USF’s first woman library director dies at 88


Published:   |   Updated: May 14, 2014 at 10:59 PM

— When Mary Lou Harkness began work at the University of South Florida in 1958, the state’s newest university had not yet held its first class.

The fourth person hired at USF, Harkness was a catalog librarian. She was hired before the school held its first classes in 1960, when the campus had nothing on it but palmettos and oaks, when the USF faculty worked in a house in Hyde Park.

She quickly worked her way up. In 1967, she was named director of USF’s library, becoming the state university system’s first woman library director, according to a USF oral history recording with Harkness. She kept that position until 1987, when she retired as director but continued as a USF librarian. She officially retired in 1991.

Harkness died Tuesday at University Village Nursing Center in Tampa. She was 88.

She was born and raised in South Dakota, where her parents owned and operated a general store on an Indian reservation in South Dakota, said her stepdaughter, Kristine Harkness Sommerville.

Her parents emphasized the value of education, and Harkness earned a bachelor’s degree from Nebraska Wesleyan University, took graduate courses in library science at the University of Michigan and completed her studies at Columbia University, where she earned a master’s in library science, said her longtime friend, Marjorie Broward.

Before coming to USF, she had worked as a librarian at the Georgia Institute of Technology in Atlanta.

In 1965, she married Donald Harkness, a USF professor of American studies. His daughters, Sommerville and Judy Groleau, said their stepmother was a strong influence.

“She was, for all of us, a role model to have your priorities straight,” said Sommerville of Tampa.

“She let you know that women can do whatever they want to do,” said Groleau of San Antonio.

Harkness was a passionate about USF. She and Donald Harkness regularly went to events such as basketball games and music programs at the university.

“She was very much defined by her life at the university,” Sommerville said.
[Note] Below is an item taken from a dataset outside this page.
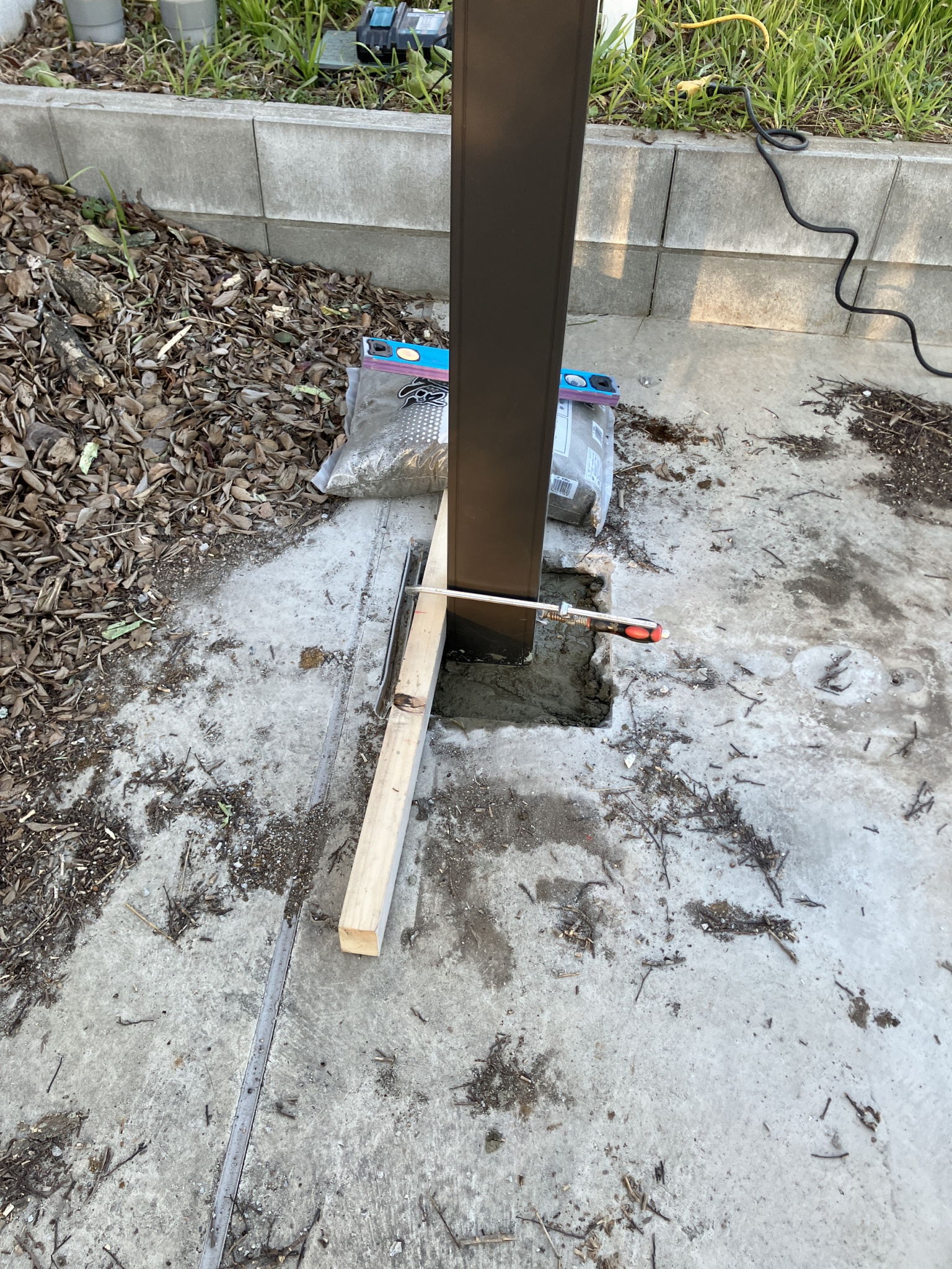 施工では、柱まわりのカッター入れやコンクリートの斫り・撤去を行い、既存の状況に合わせながら丁寧に基礎を施工いたしました。

She also had a passion for several causes, including education, women’s rights and politics and became involved in several local campaigns, Sommerville said.

Former Mayor Pam Iorio remembers getting her support when she first ran for a Hillsborough County commission seat in the 1980s.

Harkness was a grassroots supporter who offered advice and did what was needed from knocking on doors to putting together direct mail pieces, Iorio said.

“She really wanted to see women succeed in public life,” Iorio said.

A celebration of life will be held at 1 p.m. May 31 at University Village Auditorium, 12401 North 22nd St., Tampa. A reception will follow.